Filming the Invisible: Faith in Dreyer, Love in Borzage
To screen La Passion de Jeanne d’Arc (The Passion of Joan of Arc, 1928), directed by Carl Theodor Dreyer, and 7th Heaven (1927), directed by Frank Borzage, is to return to a defining moment in film history: the final years of silent cinema, when the filmic medium had reached a remarkable level of expressive power and could sustain works of great emotional and human intensity through images, faces, light, editing, and live music. Both films belong to this moment of maturity and are now widely regarded as masterpieces of cinema.
Although at first glance they may seem very different — one tells the story of the trial and martyrdom of a saint; the other, the love story of two humble people in Paris during the First World War — the two films share something essential: both works attempt to film the invisible. Dreyer films faith. Borzage films love. At heart, in these films, faith and love appear as the same inner force, capable of sustaining people in the face of suffering, injustice, and war.
In both films, the true drama unfolds not so much in external events as in the inner lives of the characters, and those inner lives are reflected in faces. Dreyer pushes the close-up to an unprecedented extreme: Renée Falconetti’s face fills the screen like a landscape. The actress, who at 35 played a nineteen-year-old Joan, gave what many consider one of the greatest performances in the history of cinema; remarkably, she never appeared in another film. We do not simply watch a woman being judged; we feel her fear, her solitude, her resistance, and her firmness in every look and gesture. Dreyer’s film is based closely on the original records of the 1431 trial of Joan of Arc, and it condenses months of interrogation into a single dramatic day of intense confrontation between Joan’s unshakeable faith and the institutional power that judges her for heresy. Over time, the film has become a landmark in the history of cinema, and Falconetti’s face one of film history’s most enduring images.
Borzage does something similar to Dreyer, though in a more luminous and apparently simpler way. In 7th Heaven, the faces of Janet Gaynor and Charles Farrell are filmed with extraordinary delicacy.
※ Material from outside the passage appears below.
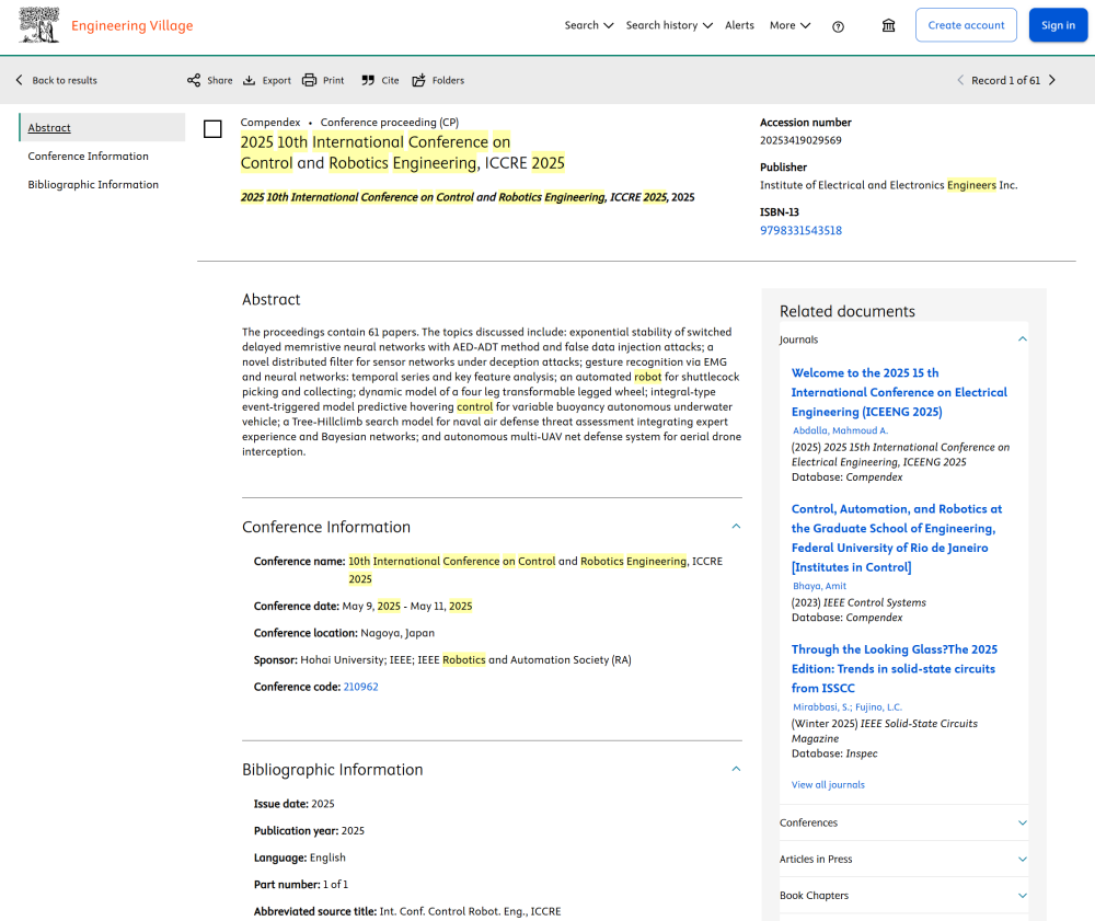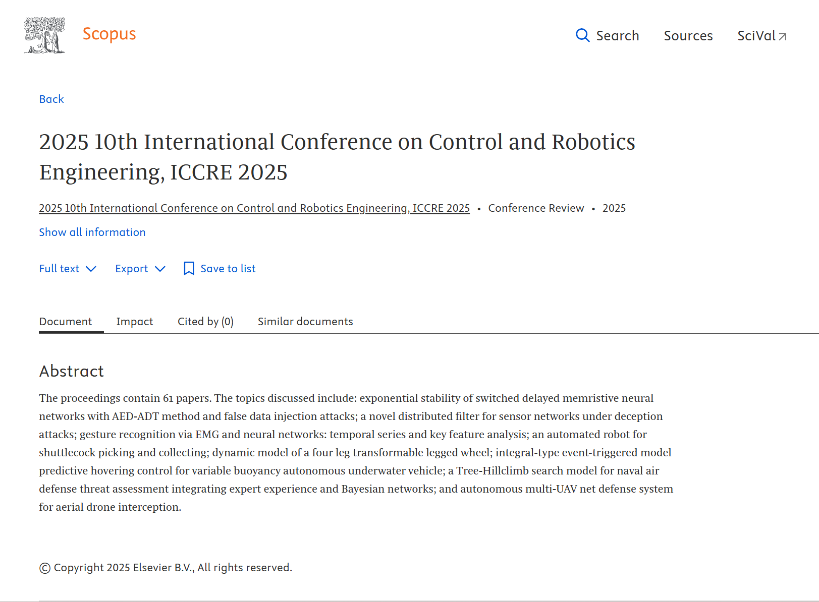 Papers of ICCRE2025 are indexed by Ei Compendex and Scopus!!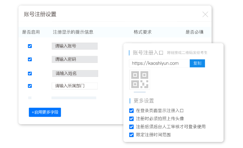 一般像员工比较多的大型企业,只一个人负责管理相对吃力,考试云可以添加多位子管理员协助管理工作,由主管理员从菜单、操作、数据范围这三个维度为子管理员分配权限,实现分工合作,大幅度提升工作效率。

The small attic where the two protagonists live, reached by an endless staircase, becomes their “seventh heaven”: a place outside the world, suspended above misery, violence, and later, war. Borzage does not present love as a simple romantic feeling, but rather as a force capable of protecting, saving, and keeping people together even when everything seems to separate them. The film was one of the great critical and commercial successes of its time and received several of the first Academy Awards: Janet Gaynor received the first-ever Academy Award for Best Actress for her work in 7th Heaven, together with F. W. Murnau’s Sunrise: A Song of Two Humans (1927) and Street Angel (1928, also directed by Frank Borzage), and Borzage himself received the Academy Award for Best Director.
Both La Passion and 7th Heaven, at heart, are about suffering and elevation. Joan of Arc is humiliated, interrogated, condemned, and finally executed, yet the more she suffers, the firmer and more serene she becomes. Chico and Diane, who form the couple in 7th Heaven, live in poverty; the war separates them, everything conspires against them, yet their love keeps them above their fate. In both films, faith and love appear as forces capable of helping human beings transcend pain.
To see these films today, almost one hundred years after their releases, and to experience them with live piano accompaniment, allows us to approach them in a way very close to how they were originally shown. In the years of silent cinema, music was an essential part of a screening and accompanied the film from beginning to end, marking the rhythm and underscoring the emotion and atmosphere of the images. On this occasion, the pianist and composer Filipe Raposo, a leading European specialist in silent film accompaniment, once again provides live musical performance, as he has done in past editions of Play-Doc.
The Church of Santo Domingo, declared a National Monument in 1931 and today listed as a Site of Cultural Interest, is one of the most emblematic historic spaces in the city of Tui. Its history, its architecture, and its singular acoustic qualities make this place an especially meaningful setting for a screening of this kind. In this environment, live music and the images of silent cinema find a space different from that of a conventional theatre, and the screening acquires a special dimension that keeps with the tone of these films, one in which suffering, faith, love, and hope are presented as experiences of transformation and human elevation.
This event marks a truly extraordinary and unrepeatable occasion to rediscover these two masterworks of silent cinema.
Filipe Raposo is a pianist, composer, and arranger. Trained in Lisbon and Stockholm, he has worked with international orchestras and performed on renowned stages such as Bozar, São Paulo, and the Gulbenkian Foundation. His work for film, theatre, and opera has earned him numerous accolades, including the Sophia Award for Best Original Song and Best Original Score at the Coimbra Film Festival for Refrigerantes e Canções de Amor, and more recently, the Best Original Score Award at the Málaga Film Festival for Lo que queda de ti.
Among his most recent recordings are The Art of Song Vol. 2: Between Sacred and Profane (2023), O Primo Basílio(2024), and Variações do Brancø Vol. 3 (2025).